Theus had been coaching the Los Angeles D-Fenders of the NBA's D-League since October 2011. He landed there not long after two losing seasons as coach of the NBA's Sacramento Kings. But he never stopped trying to get another college head coaching job.
"It's what I wanted," he said. "Being in California is even better for me. My heart is in college basketball."
The 55-year-old coach is from nearby Inglewood, the same hometown as Boston Celtics star Paul Pierce and retired WNBA star Lisa Leslie.
Theus and new athletic director Brandon Martin held up a red Northridge jersey with the coach's name on the back.
"It looks like 1980 I could probably wear this," said Theus, who led UNLV to its first Final Four in 1977.
Theus' rough ride in Sacramento that ended with his firing early in the 2008-09 season proved costly in quickly landing another head coaching job. The Kings won 38 games in his first season and just 17 in his second. The beleaguered franchise hasn't come close to winning 38 games since he was there.
Theus said there's no bad feelings between himself and the Maloof family that owns the Kings, adding that they talked a couple of weeks ago when he was pursuing the Northridge job.

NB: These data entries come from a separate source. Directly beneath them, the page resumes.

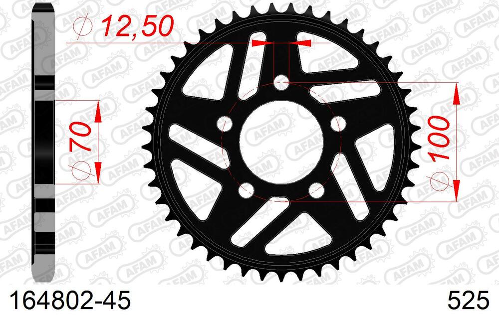 - hinten AFAM 525 Stahl Kettenrad 45 Zähne
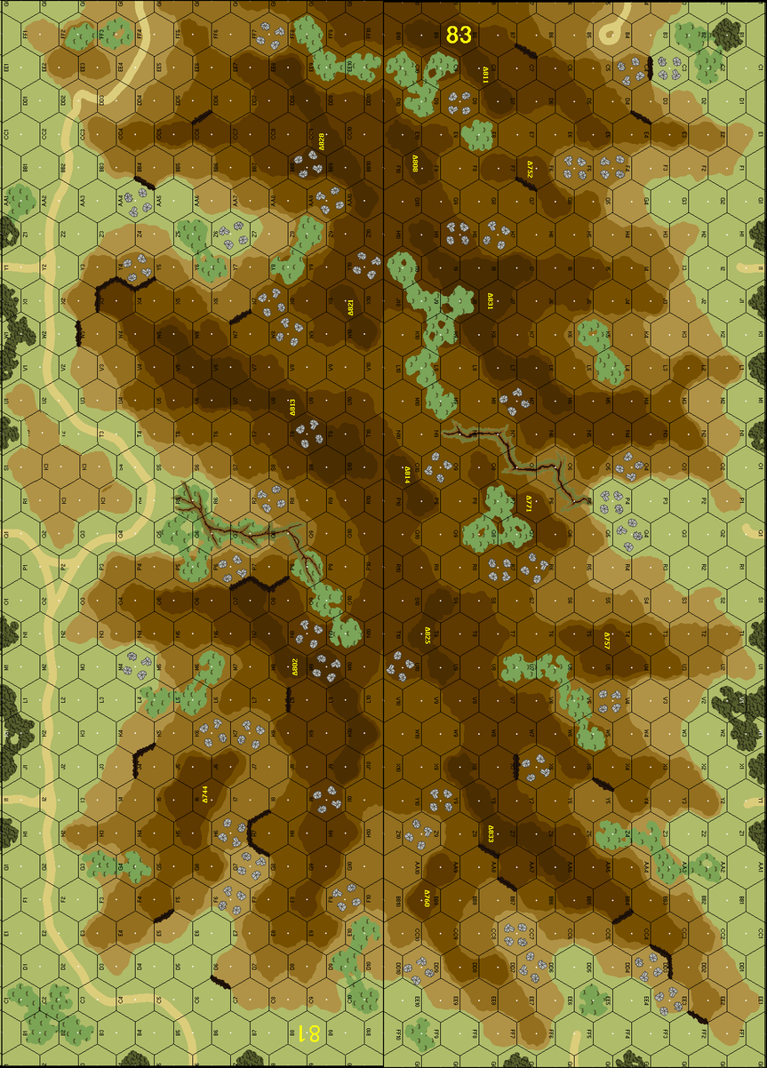 | Misc Rules: | Steep Hills, Crags are Concealment and Ambush terrain. A: Commandos for Climbing only |
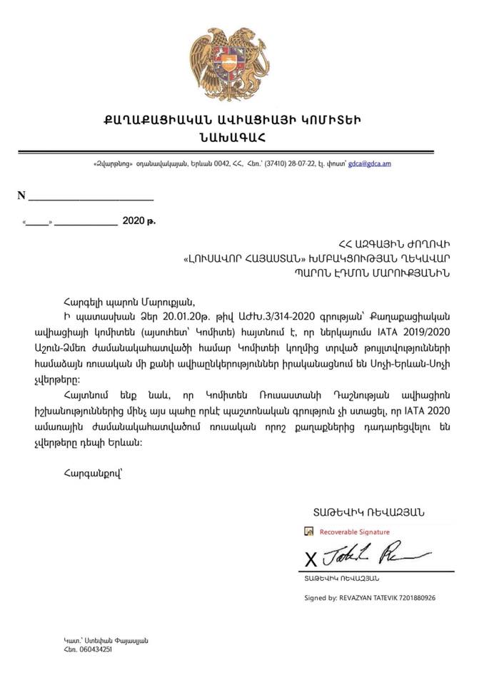 «Ընթացք տալով ձեր դիմումներին, երկու շաբաթ առաջ դիմել էի ՀՀ քաղաքացիական ավիացիայի կոմիտեի նախագահ Տաթևիկ Ռևազյանին՝ հետևյալ հարցի կապակցությամբ.
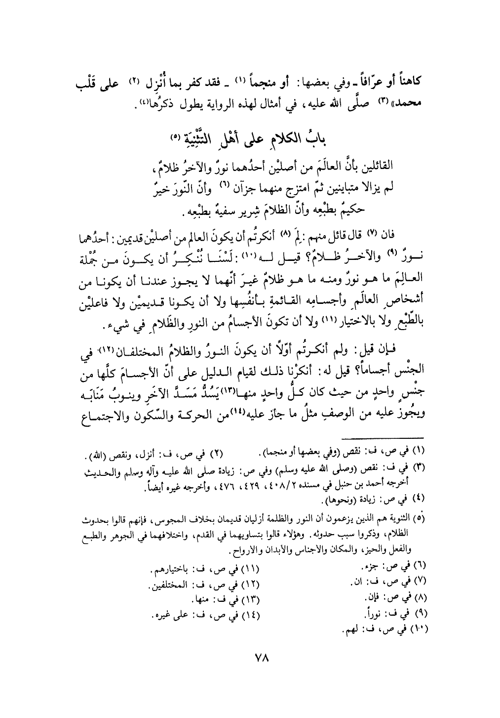 فَإِن قَالَ قَائِل مِنْهُم لم أنكرتم أَن يكون الْعَالم من أصلين قديمين أَحدهمَا نور وَالْآخر ظلام قيل لَهُ لسنا ننكر أَن يكون من جملَة الْعَالم مَا هُوَ نور وَمِنْه مَا هُوَ ظلام غير أَنَّهُمَا لَا يجوز عندنَا أَن يَكُونَا من أشخاص الْعَالم وأجسامه الْقَائِمَة بأنفسها وَلَا أَن يَكُونَا قديمين وَلَا فاعلين بالطبع وَلَا بِالِاخْتِيَارِ وَلَا أَن تكون الْأَجْسَام من النُّور والظلام فِي شَيْء
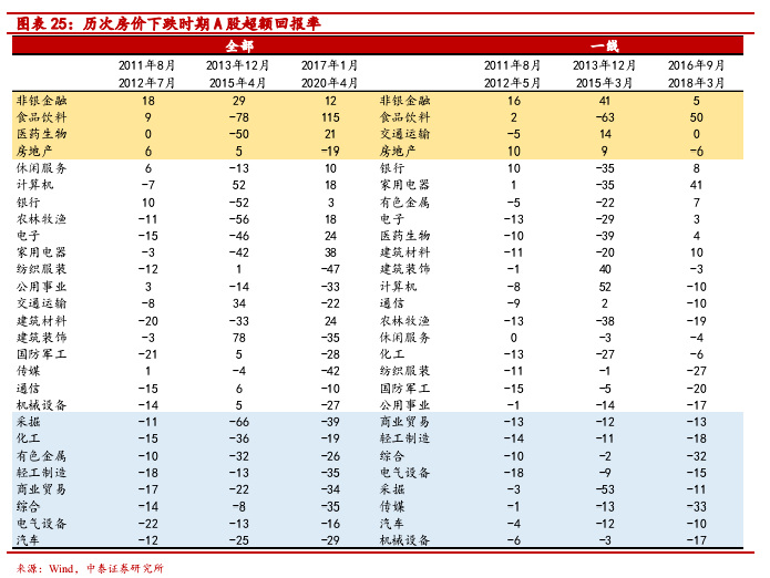 具体到行业来看,我们进一步整理了历史上房价下滑期间各行业的相对收益,数据显示,无论从不同百城样本还是一线城市数据看,食品饮料、非银金融等行业往往有不错的表现,相反,汽车、商业贸易等可选消费行业整体表现低迷。

"You can do a good job in the NBA and still get fired," he said. "It did set me back. It's taken me four years to get back. I've come in second to some pretty high-level jobs."
Theus takes over at the same time as Steve Alford and Andy Enfield, who got the coaching jobs at UCLA and Southern California, respectively, shortly before he was hired. With Los Angeles roots stretching back to his days at Inglewood High, Theus figures he's in a good position to recruit in a region loaded with basketball talent.
"It's going to be a war when it comes to recruiting," he said. "There's probably not one (local) basketball coach I don't know."
Unlike Alford, whose 18-year-old son will be playing for him in Westwood, Theus won't have his only son on the Northridge roster. Reggie Jr., an 18-year-old who played at Fairfax High in Los Angeles, has already committed to another school.
During Braswell's tenure, Northridge upset UCLA at Pauley Pavilion, giving the school its first-ever win over a nationally ranked team.
"I'm sure we'll play a couple of high-caliber teams," Theus said about future schedules.
Theus takes over a program that went 14-17 this season. The Matadors won their first seven games and then lost six of their final seven. They finished ninth among 10 teams in the Big West with a 5-13 record, and failed to make the conference tournament.
"It's all about changing the culture here," he said. "There's a little bit of a third-wheel attitude here and that's got to stop yesterday."
His goal for the program is to compete for Big West titles and "eventually run deep in the NCAAs."
Theus' hiring is the first big one for Martin, who began his new job as athletic director earlier this month.
"In all my conversations with Reggie, I knew he was special," Martin said. "I wanted someone who wanted our job. We want to compete with some of the high-level major schools people talk about all the time."
Martin talked to coach Rick Pitino of newly crowned national champion Louisville in vetting Theus, who was an assistant under Pitino from 2003-05.
"He talked about Reggie's ability to recruit and his connection to student-athletes and his hunger to be the best coach in the country," said Martin, citing Theus' integrity, understanding of NCAA rules and compliance and his work ethic among his other strengths.
"There was a big buzz in Atlanta at the Final Four about our hire," university President Dianne Harrison said.